"J'avais l'impression d'être transpercée par du courant" : des personnes "électro-hypersensibles" en lutte contre les compteurs Linky

Le tribunal de grande instance de Tours a demandé mardi le retrait du compteur Linky chez treize particuliers, pour raisons médicales.

Manifestation anti-Linky à Yutz, en Moselle, le 26 mars 2018
Manifestation anti-Linky à Yutz, en Moselle, le 26 mars 2018 (MAXPPP)

Véronique a été diagnostiquée "électro-hypersensible" en 2017, date à laquelle cette femme de 51 ans a accepté l'installation d'un compteur Linky chez elle, près de Lille.
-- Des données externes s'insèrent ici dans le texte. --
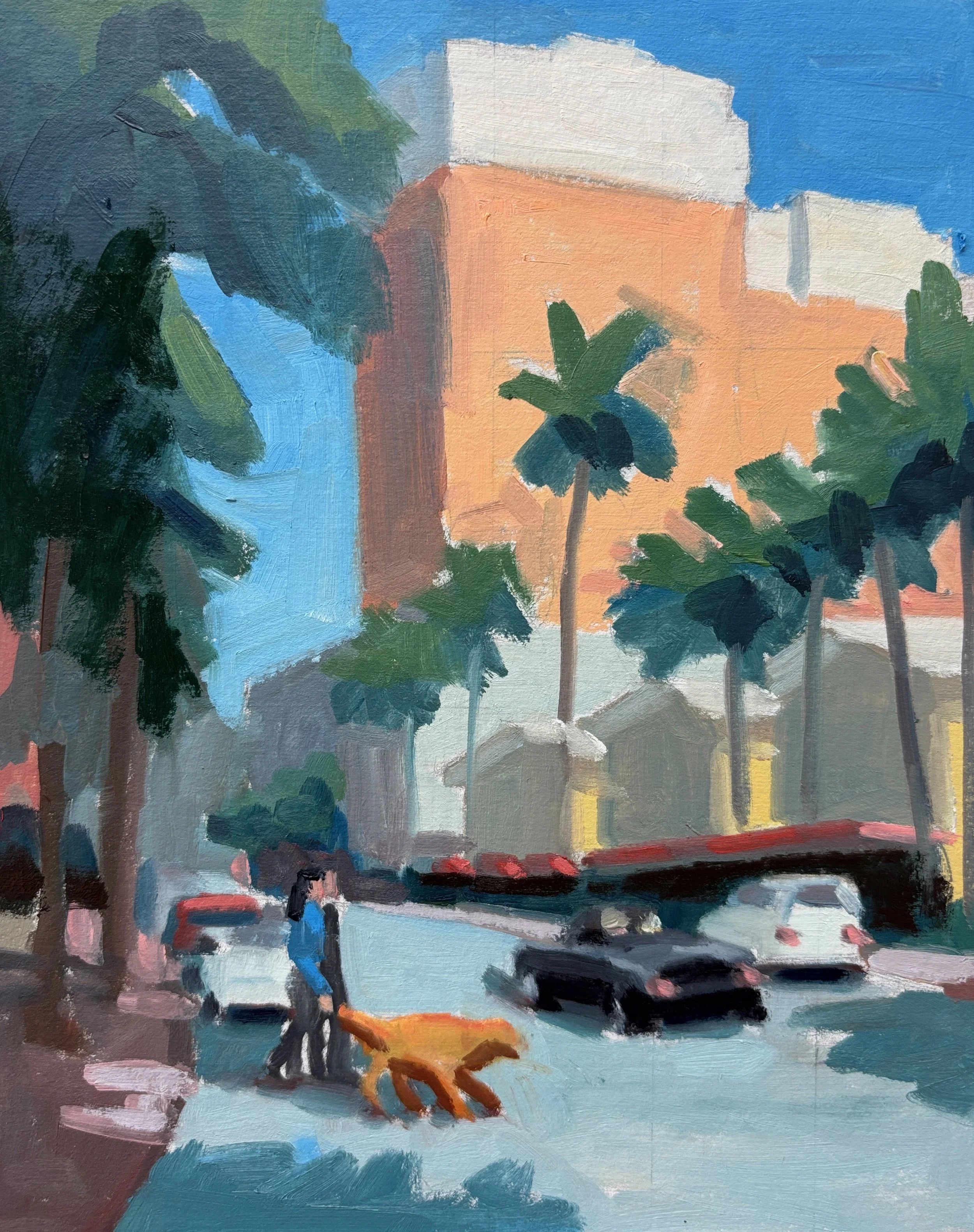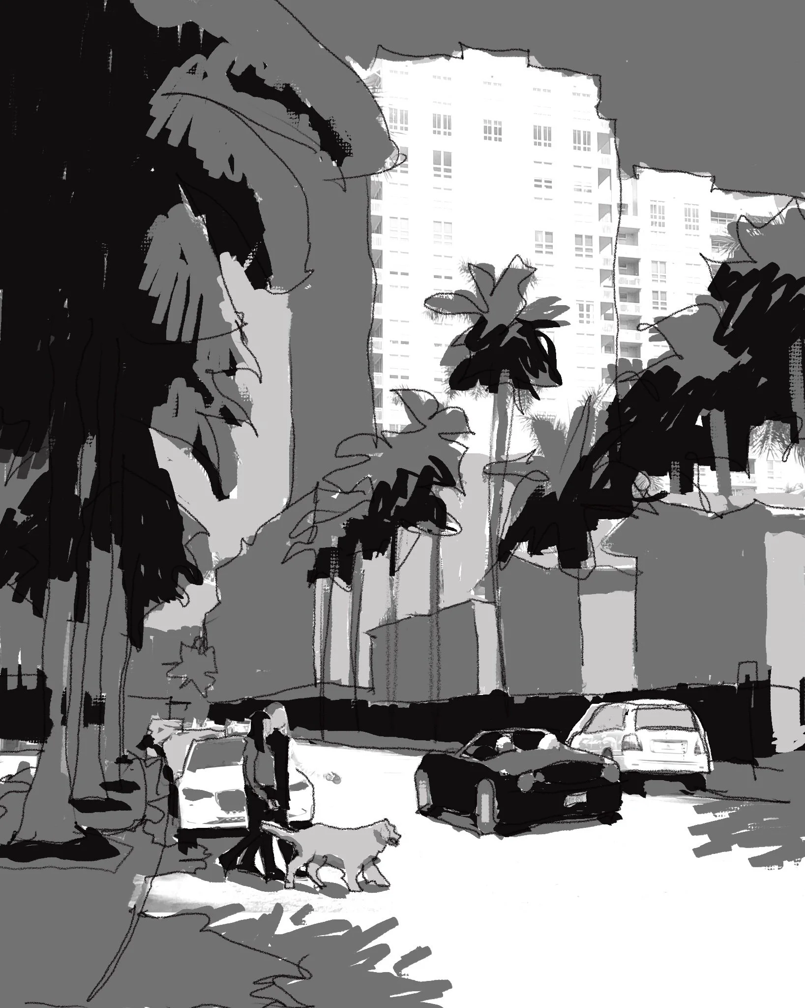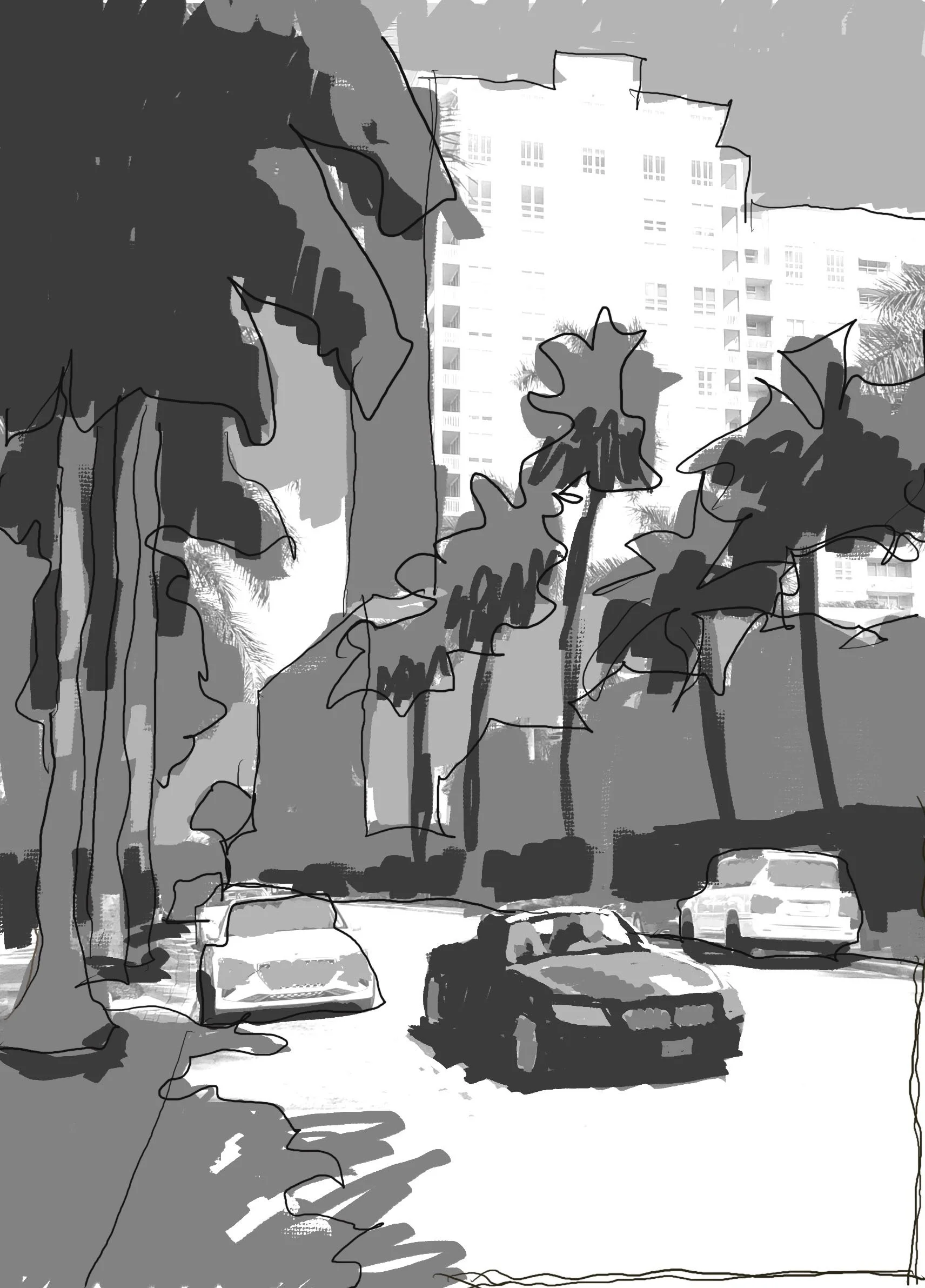 In this sketch I like the balance of the big dark shape of the palms on the left with the smaller dark of your car. I like the lines of the dark palms on the right that leads you into the painting. I’ve added a few tree shadows in the foreground for interest and to make the street a clearer diagonal line to the left.
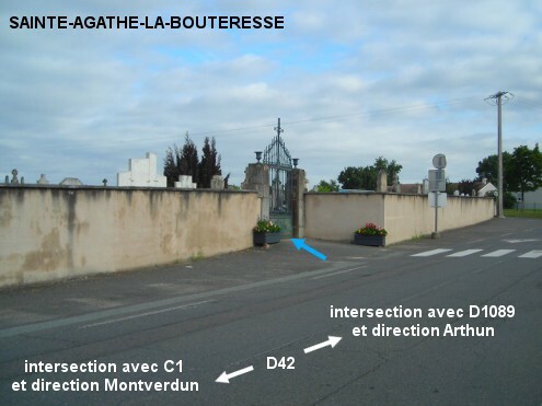 Le cimetière est implanté côté gauche à la sortie du village sur la D42 en direction d'Arthun, entre l'intersection avec la voie C1 (la Mairie occupe le deuxième angle à droite), et l'intersection avec la D1089. Le robinet est à l'intérieur du cimetière, à gauche du portail.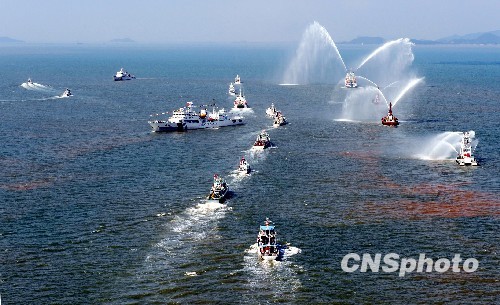 图为演习过程中,泄漏入海的50吨苯挥发形成大量易燃毒气,在总指挥部的统一组织协调下,各船艇正在稀释易燃毒气。中新社发 华志波 摄

Dès la première nuit après la pose du compteur, des symptômes sont apparus. "J'avais l'impression d'être transpercée par du courant", explique-t-elle. Comme d'autres personnes qui se disent "électro-hypersensibles", Véronique décrit une situation invivable.

Plus de 400 personnes ont saisi la justice fin juin pour empêcher la pose de compteurs Linky, ou demander à ce qu'ils soient enlevés. Le tribunal de Nanterre doit se prononcer vendredi 2 août sur leur situation. Mardi 30 juillet, treize plaignants de la région Centre ont obtenu gain de cause, pour raison médicale, et vont voir leurs compteurs Enedis, filiale d'EDF, retirés.

Je n'ai jamais eu de problèmes de sommeil, je n'ai jamais pris de cachets pour dormir. Et là le compteur Linky arrive, et je deviens insomniaque.Véroniqueà franceinfo

Après la pose du compteur Linky à son domicile, Véronique a "attrapé des plaques sur le visage". "J'ai paniqué. Je me suis demandé ce qui m'arrivait". En présentant un certificat médical, sa plainte contre Enedis a plus de chances d'aboutir, selon son avocat.

Depuis son appartement parisien, Marie-Claude affirme ressentir les mêmes gênes. Cette retraitée n'a pas été reconnue "électro-hypersensible", mais elle se bat depuis quatre ans pour empêcher l'installation d'un compteur. "J'ai fait une demande par huissier express. Enedis a été suffisamment impressionné. Jusqu'à présent, on ne m'a pas installé de compteur Linky", explique-t-elle.

J'habite un immeuble collectif à Paris. Tout l'immeuble est truffé de compteurs.Marie-Claude, retraitée parisienneà franceinfo

Marie-Claude ne supporte plus les ondes. Elle s'est même débarrassée de son smartphone. Mais c'est inutile, selon elle, si Enedis n'est pas condamné à retirer tous les compteurs présents dans son immeuble.